AutoGluon-RAG#
What is RAG?#
Retrieval-Augmented Generation, commonly known as RAG, is a widely used technique to improve the generation capabilities of language models such as ChatGPT, Llama, Claude, etc.
RAG makes use of preprocessed content as a “knowledge-base” to add relevant content to a user prompt to make sure that the language model has sufficient information to produce responses.
For example, say you have documentation for a new product you have created. You have created a website using these documents and would like to create a chatbot with the language capabilities of ChatGPT. ChatGPT knows nothing about your website since your product was not part of its training data.
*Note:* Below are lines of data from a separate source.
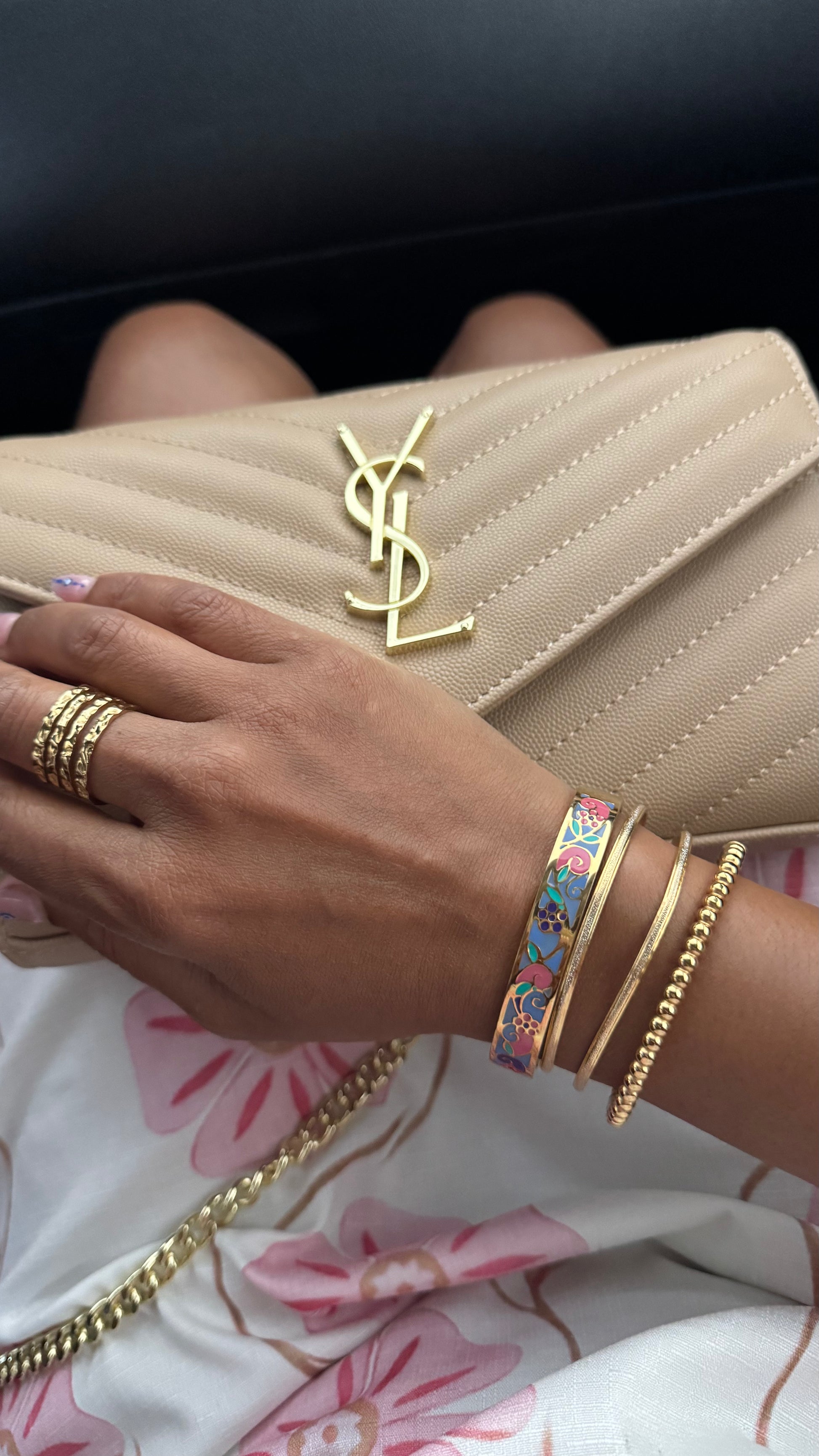 This artsy bangle is a beautiful and unique piece, made from high quality stainless steel and adorned with a colorful flower design. Perfect for adding a touch of artistry and elegance to any outfit. Crafted with precision and expertly designed, this bangle is a must-have for any fashion-forward individual.
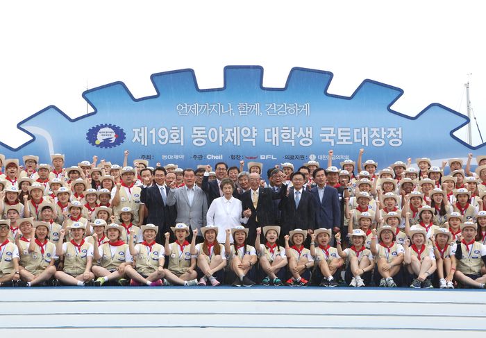 한편, 박카스와 함께하는 ‘동아제약 대학생 국토대장정’ 행사는 1998년에 처음 선보여 올해로 19회를 맞이 했으며, 끝까지 포기하지 않는 젊은이들의 뜨거운 도전과 열정을 상징하는 문화코드로 자리매김 한 동아제약의 대표적인 사회공헌 프로그램이다.박카스와 함께하는 '제19회 동아제약 대학색 국토대장정' 출정식에서 행사관계자들과 참가대원들이 함께 기념촬영을 하고 있다. 두번째줄 좌측부터 동아제약 이원희 사장, JC 특우회 이남석 전회장, 김남조 시인, 동아쏘시오그룹 강신호 회장, 동아쏘시오홀딩스 박찬일 사장, JC 특우회 김현상 전회장. <사진출처=동아제약>
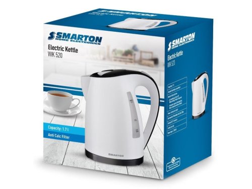 Varná konviceSmarton WK 520 Objem 1,7l Oboustranný ukazatel hladiny vody Dvojitý bezpečnostní systém: Automaticky se vypne, když je dosaženo bodu varu Ochrana proti přehřátí při zapnutí bez vody Kontrolka …
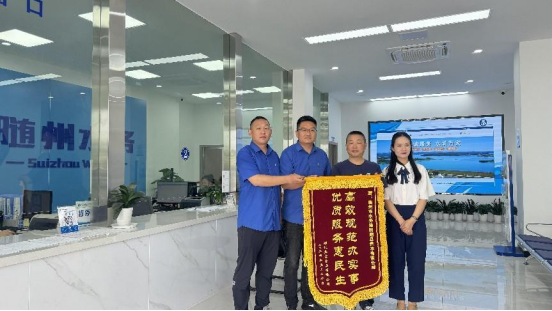 近日,湖北共富食品有限公司將一面印有“高效規(guī)范辦實(shí)事 優(yōu)質(zhì)服務(wù)惠民生”的錦旗送到湖北省隨州市水務(wù)集團(tuán)隨縣供水公司,對(duì)該公司高效快捷的服務(wù)表示由衷的肯定和誠摯的謝意。

By using RAG with your website as a knowledge-base, when a user asks a question to your chatbot, RAG will obtain the relevant information from the website based on the user prompt and provide it to the language model as additional context.
What is AutoGluon-RAG?#
AutoGluon-RAG is a framework designed to simplify the creation of RAG pipelines, making it easier to adapt large language models (LLMs) for domain-specific tasks. Traditionally, building RAG pipelines involves dealing with multiple complex components like retrievers, generators, and vector databases.
AutoGluon-RAG streamlines this process, allowing users to build and deploy customized RAG pipelines with just a few lines of code. By abstracting the technical complexities, it enables users to focus on their specific needs, making it accessible to both beginners and experienced practitioners alike.
Goal#
In alignment with the AutoGluon team’s mission to meet evolving user needs and broaden its user base, the team aims to introduce a new package that simplifies the creation and deployment of end-to-end Retrieval-Augmented Generation (RAG) pipelines. This package will allow users to build and deploy RAG pipelines with minimal coding effort, leveraging user-provided data or documents. Following the AutoML (Automated Machine Learning) philosophy of delivering solutions with minimal complexity, the goal is to enable users to achieve robust RAG pipelines in just three lines of code.